DeleteAllKnowledgeBase

DeleteAllKnowledgeBase() error

_deleteAllKnowledgeBase 删除所有知识库及其关联的 RAG 内容

清空所有: RAG 向量库、RAG 集合综述库、知识库条目库、知识库集合、问题索引库等

返回值

序号	类型	说明
r1	`error`	错误信息

示例

err = rag.DeleteAllKnowledgeBase()

DeleteCollection

DeleteCollection(name string) error

_deleteCollection 删除指定的 RAG 集合

参数

参数名	类型	说明
name	`string`	集合名称

返回值

序号	类型	说明
r1	`error`	错误信息

示例

err = rag.DeleteCollection("my_collection")

DeleteKnowledgeBase

DeleteKnowledgeBase(name string) error

_deleteKnowledgeBase 删除指定的知识库及其关联的 RAG 内容

包括: RAG 向量库、RAG 集合综述库、知识库条目库、知识库集合、问题索引库等

参数

参数名	类型	说明
name	`string`	知识库名称

返回值

序号	类型	说明
r1	`error`	错误信息

示例

err = rag.DeleteKnowledgeBase("my_knowledge_base")

DeleteRAG

DeleteRAG(name string) error

_deleteRAG 删除指定的 RAG 系统

参数

参数名	类型	说明
name	`string`	RAG 系统名称

返回值

序号	类型	说明
r1	`error`	错误信息

示例

err = rag.DeleteRAG("my_rag")

Embedding

Embedding(text string) ([]float32, error)

_embedding 生成文本的嵌入向量

使用默认的嵌入服务生成文本的向量表示（优先使用在线服务，回退到本地服务）

参数

参数名	类型	说明
text	`string`	待嵌入的文本

返回值

序号	类型	说明
r1	`[]float32`	嵌入向量（[]float32）
r2	`error`	错误信息

示例

result, err = rag.Embedding("你好")
if err != nil {
    // handle error
}
// result is []float32

EnableMockMode

EnableMockMode()

_enableMockMode 启用模拟模式（使用 mock 嵌入服务，便于测试）

示例

rag.EnableMockMode()

GetCollectionInfo

GetCollectionInfo(name string) (*vectorstore.CollectionInfo, error)
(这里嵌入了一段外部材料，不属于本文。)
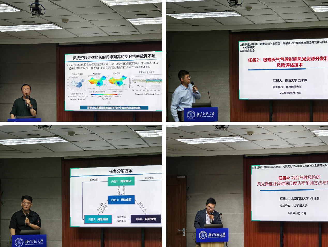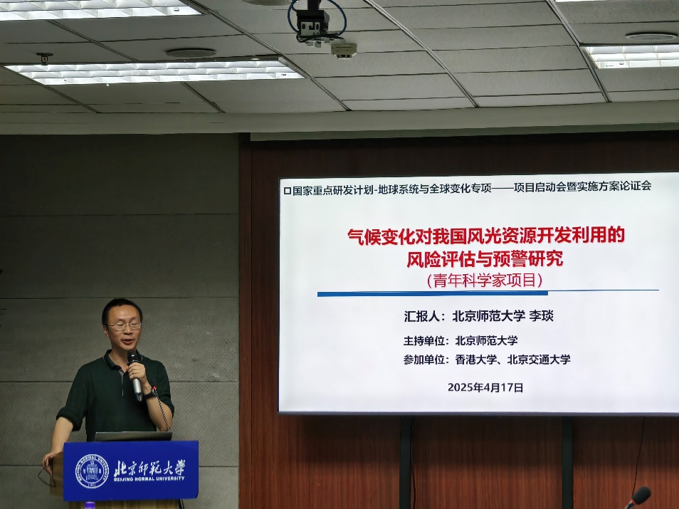 2025年4月17日下午,国家重点研发计划青年科学家项目“气候变化对我国风光资源开发利用的风险评估与预警研究”(项目编号:2024YFF0811100)启动会暨实施方案论证会在北京师范大学京师大厦召开。会议汇聚了来自科研机构、高校及企业的多位专家学者,围绕项目实施方案与研究任务展开深入交流与探讨,为项目的顺利推进奠定了坚实基础。

_getCollectionInfo 获取指定集合的详细信息

参数

参数名	类型	说明
name	`string`	集合名称

返回值

序号	类型	说明
r1	`*vectorstore.CollectionInfo`	集合详细信息对象
r2	`error`	错误信息

示例

info, err = rag.GetCollectionInfo("my_collection")

HasCollection

HasCollection(name string) bool

_hasCollection 检查指定集合是否存在

参数

参数名	类型	说明
name	`string`	集合名称

返回值

序号	类型	说明
r1	`bool`	是否存在

示例

exists = rag.HasCollection("my_collection")

ListCollection

ListCollection() []string

_listCollection 获取所有 RAG 集合列表

返回值

序号	类型	说明
r1	`[]string`	集合名称列表

示例

collections = rag.ListCollection()

ListRAG

ListRAG() []string

_listRAG 列出所有 RAG 系统列表

返回值

序号	类型	说明
r1	`[]string`	RAG 系统名称列表

示例

ragSystems = rag.ListRAG()

LocalEmbedding

LocalEmbedding(text string) ([]float32, error)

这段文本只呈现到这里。